There are gastrointestinal motility tests used to check transit times and for certain diseases; examples of motility tests include: gastrointestinal transit scintigraphy, radiopaque marker tests, hydrogen breath test, and esophageal manometry. You should explore what these tests (and others you may encounter) are traditionally used for and how they work.

GI Diseases

The following GI diseases will be covered in this section:

  • Irritable Bowel Syndrome (IBS)
  • Gastroesophageal Reflux Disease (GERD)
  • Celiac Disease
  • Diverticulitis

When you are evaluating the case study, you will notice it is focused on IBS and GERD, as this combination is common in practice. However, you will be provided with an overview and recommendations related to celiac disease and diverticulitis to use in practice.

Irritable Bowel Syndrome

Irritable bowel syndrome (IBS) is a common gastrointestinal (GI) disorder of gut-brain interaction characterized by recurrent abdominal pain associated with altered bowel habits.

The pathophysiology of IBS is not completely understood. There is a genetic predisposition and external triggers. Foods do not cause IBS, rather they do not allow tissues to heal by virtue of passing through. Pathological abnormalities include visceral hypersensitivity, abnormal motility disturbances, and psychological disturbances.

There are four “pillars” that are important to consider when evaluating IBS:

  1. Diet
  2. Psychological factors (e.g. anxiety, depression) and life stressors (e.g. divorce, family illness, financial difficulties, etc.)
  3. Exercise
  4. The microbiome (i.e. probiotic use).

The most common symptoms of IBS are chronic and recurring abdominal pain associated with abnormal bowel habits, categorized as:

  • diarrhea (loose and frequent stools, IBS-D)
  • constipation (hard and infrequent stools, IBS-C)
  • both diarrhea and constipation (IBS-M)
  • unspecified (IBS-U).

Some will only have excessive bloating or gas with normal BMs.

 

Genetic, epigenetic, environmental and peripheral factors in irritable bowel syndrome
Genetic, epigenetic, environmental and peripheral factors in irritable bowel syndrome. Full text description is below.
Source: Mahurkar-Joshi S and Chang L (2020) Epigenetic Mechanisms in Irritable Bowel Syndrome. Front. Psychiatry 11:805. doi: 10.3389/fpsyt.2020.00805

Screening and Diagnosis of IBS

Diagnosis of IBS can be difficult as there are no biochemical, structural or physiological abnormalities demonstrated in individuals with IBS. Thus, the diagnosis of IBS is symptom-based and not globally standardized. It remains a diagnosis of exclusion.

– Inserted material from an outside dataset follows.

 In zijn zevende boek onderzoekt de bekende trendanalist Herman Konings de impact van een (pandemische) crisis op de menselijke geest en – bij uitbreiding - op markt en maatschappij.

Clients may receive various testing (e.g. blood tests, CT scans, colonoscopy). However, a colonoscopy and blood test would typically be used to rule out IBS.

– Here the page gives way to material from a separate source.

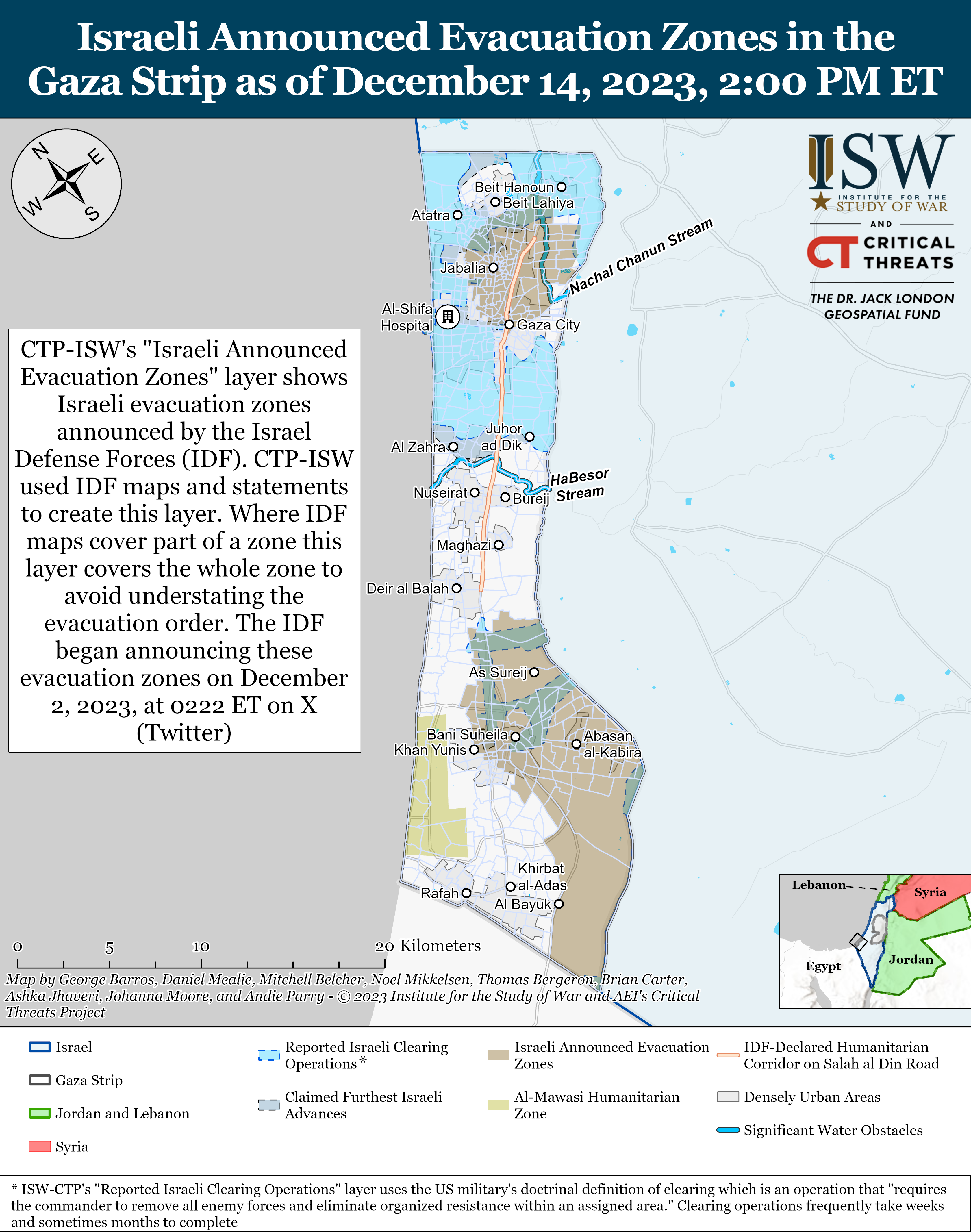 Note: CTP and ISW have refocused the update to cover the Israel-Hamas war. The new sections address developments in the Gaza Strip, the West Bank, Lebanon, and Syria, as well as noteworthy activity from Iran’s Axis of Resistance. We do not report in detail on war crimes because these activities are well-covered in Western media and do not directly affect the military operations we are assessing and forecasting. We utterly condemn violations of the laws of armed conflict and the Geneva Conventions and crimes against humanity even though we do not describe them in these reports.

Once other GI conditions have been ruled out, physicians may use the Rome IV criteria. This is also a valuable tool for dietitians when evaluating a client’s symptoms.  Under the Rome IV diagnostic criteria, a patient might have IBS if they experience recurrent abdominal pain symptoms:

  • on average at least one day per week in the last three months
  • that started at least six months ago
  • associated with two or more of the following criteria
    • related to defecation
    • associated with a change in frequency of stool
    • associated with a change in form (appearance) of stool

However, the ROME criteria does not capture all IBS symptoms. As an example, some people only have gas or bloating (but severe and painful) without any bowel movement abnormalities. They may respond well to FODMAPs and/or probiotics (reviewed later in the content). It is important to utilize various screening methods in the case of IBS, in order to best help your client.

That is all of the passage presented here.